Vienna Teng

“So come out. You have been waiting long enough.”

This clarion call opens Aims, Vienna Teng’s fifth studio album. It’s as much a reminder for Vienna herself as an invitation to her listeners – a call to awaken the full potential within all of us.

Indeed, the new album finds Vienna in full adventurous mode. Recorded in Nashville with producer Cason Cooley (Katie Herzig, Matthew Perryman Jones), Aims is exuberant and buoyant in its enthusiasm, yet crafted with the same creative precision that has defined her previous work. The acoustic piano, once the centerpiece of her recordings, plays an occasional supportive role here; in its place are intricate layers of electronica, percussion, strings, and electric guitars. “Cason and I built a playlist of reference songs when we started working,” Vienna remembers. “We put Beck and Florence & the Machine and Kanye West on there. James Blake, Foster the People, Vampire Weekend. We started by stealing from the music we were obsessed with.”

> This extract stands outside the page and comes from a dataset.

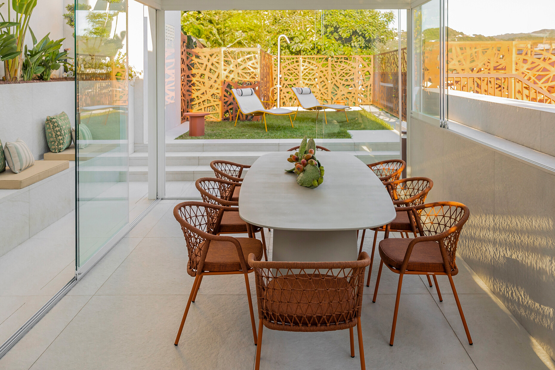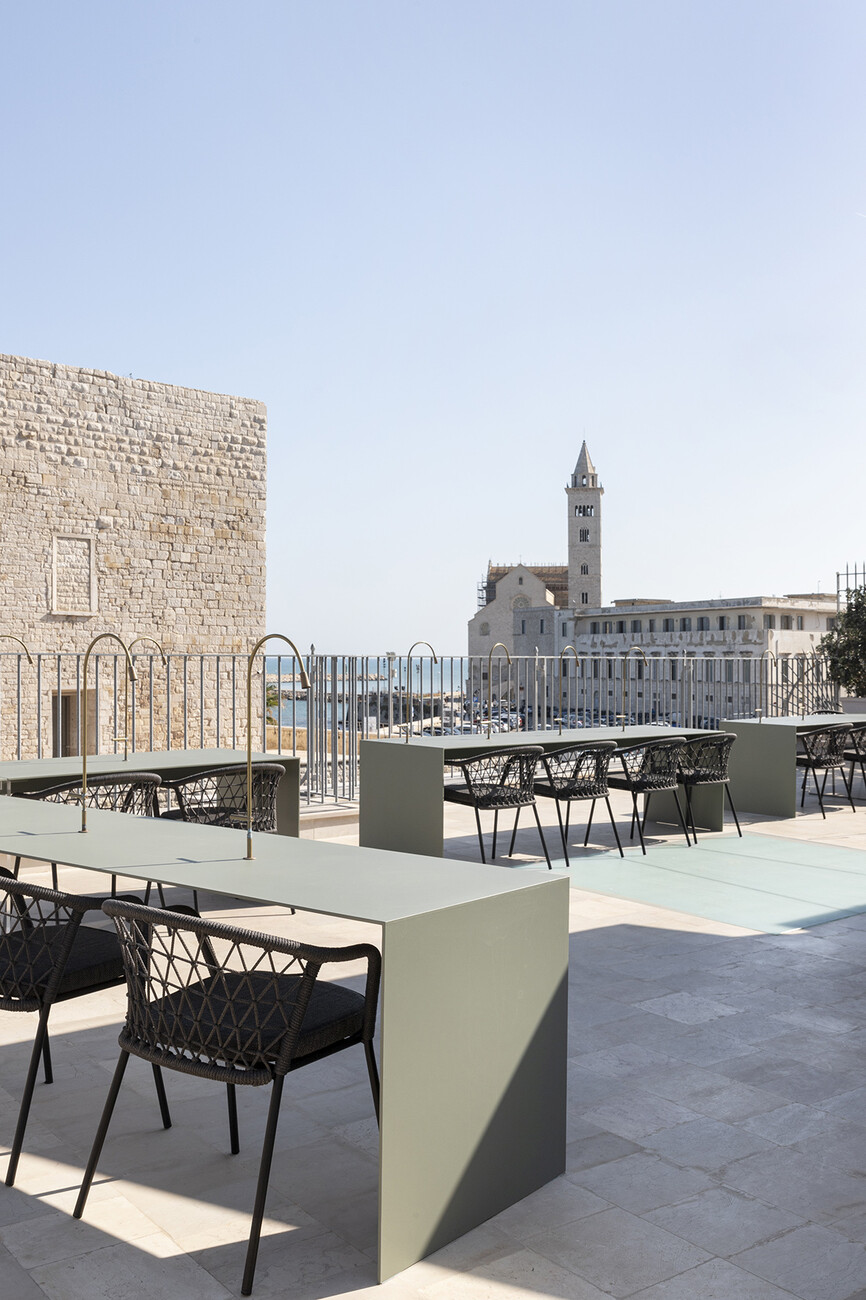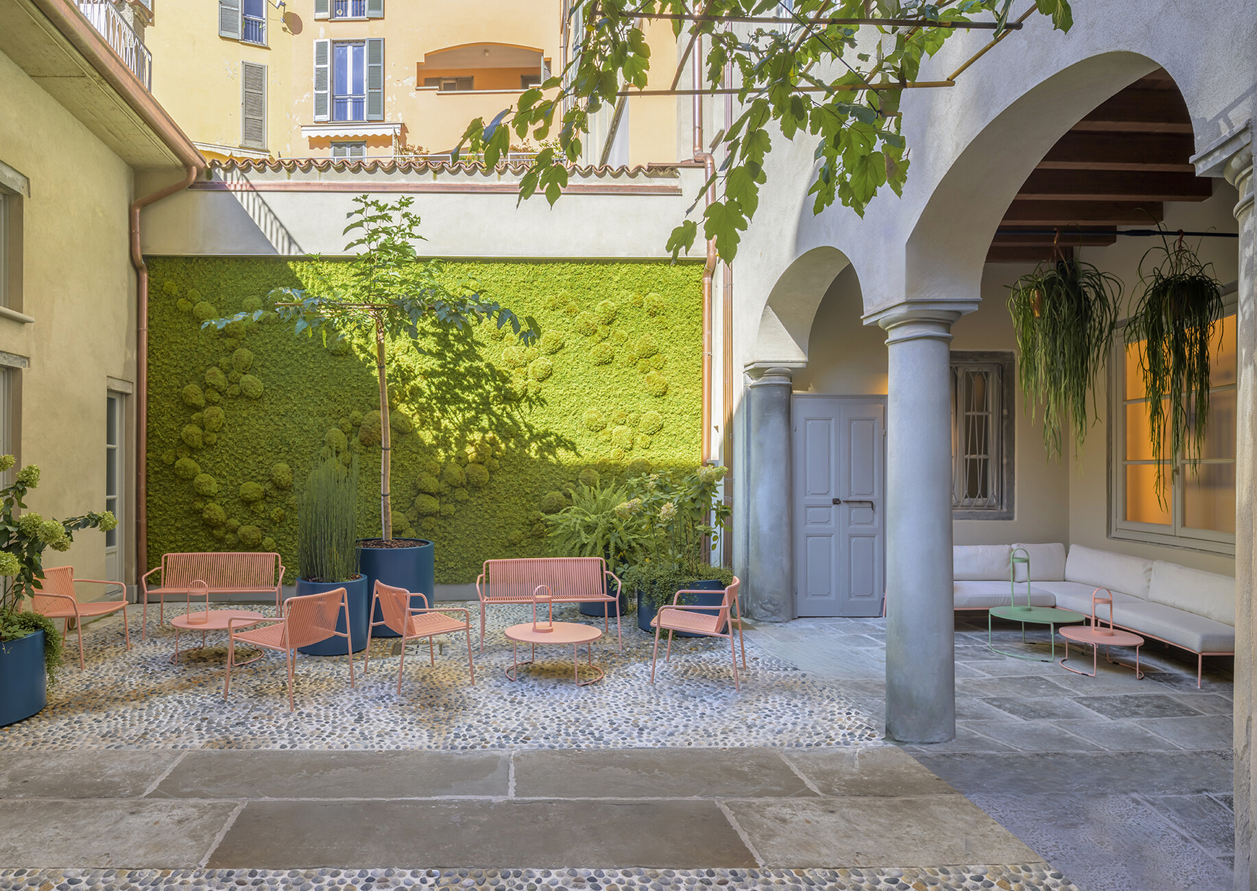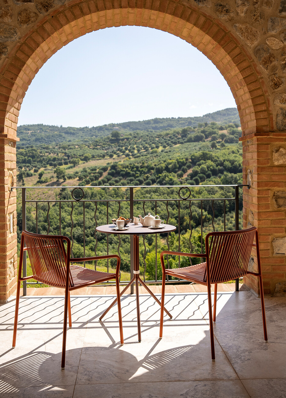 Passgenau können die Outdoor-Möbel aus dem Sortiment von Pedrali für das individuelle Projekt ausgewählt werden – wie für die Gäste des Villa Riviera Resort in Santa Giulia: Die Sessel und Lounges "Tribeca" von CMP Design bieten einen komfortablen Platz, während der Blick über die Weite der genuesischen Riviera schweift. Gefertigt aus einem schlanken Rohrrahmen mit einer luftigen gewebten Bespannung aus extrudiertem PVC mit Nylonkern erinnern diese formal an die klassischen Sixties-Terrassenstühle aus geflochtenem Stahl. Für die Farbgebung wurde ein warmes Terrakotta gewählt, das sich in den Details der Architektur der historischen Villen des Fünf-Sterne-Luxusresorts wiederfindet – wie der Wandfarbe oder den Fliesen. Den passenden Tisch haben CMP Design gleich mitgedacht: "Nolita", ein leichtes Modell mit drei Beinen aus Stahlrohr, dessen Platte sich bei Bedarf ganz einfach zu Seite klappen lässt. Aus den zahlreichen Ausführungen wurde die Version mit runder Platte in Anthrazit gewählt, die im Zusammenspiel mit "Tribeca" einen feinen Kontrast bietet. Die Gestaltung der Sessel "Volt" von Claudio Dondoli und Marco Pocci zeigt derweil angesichts der fantastischen Landschaft eine zurückhaltendes Ensemble mit klaren Linien aus Polypropylen. Passend zu dem industriellen Look wurden die Tische "Arki-Base" mit vier Beinen aus Stahlrohr und rechteckigem Querschnitt kombiniert.

The result is glorious, intelligent pop music with a signature all its own. Against a backdrop of stomping percussion and a gospel-inspired refrain, “In the 99” rejects the black-and-white, us-versus-them conflict view of the Occupy movement, instead exploring inequality through the eyes of a compassionate investment banker. In the gorgeous and disturbing “Hymn of Acxiom,” Vienna sings from the perspective of Big Data, densely layering and manipulating her vocals into an electronically-textured choir to spin an eerily relevant cautionary tale. There are tender moments as well, as in the folk-tinged album closer “Goodnight New York,” a love letter to a previous home, relationship, and perhaps vocation. “I’ll say goodnight but it’s never goodbye,” she promises. If Aims is any indication, there’s even finer music to come from this artist in the years ahead.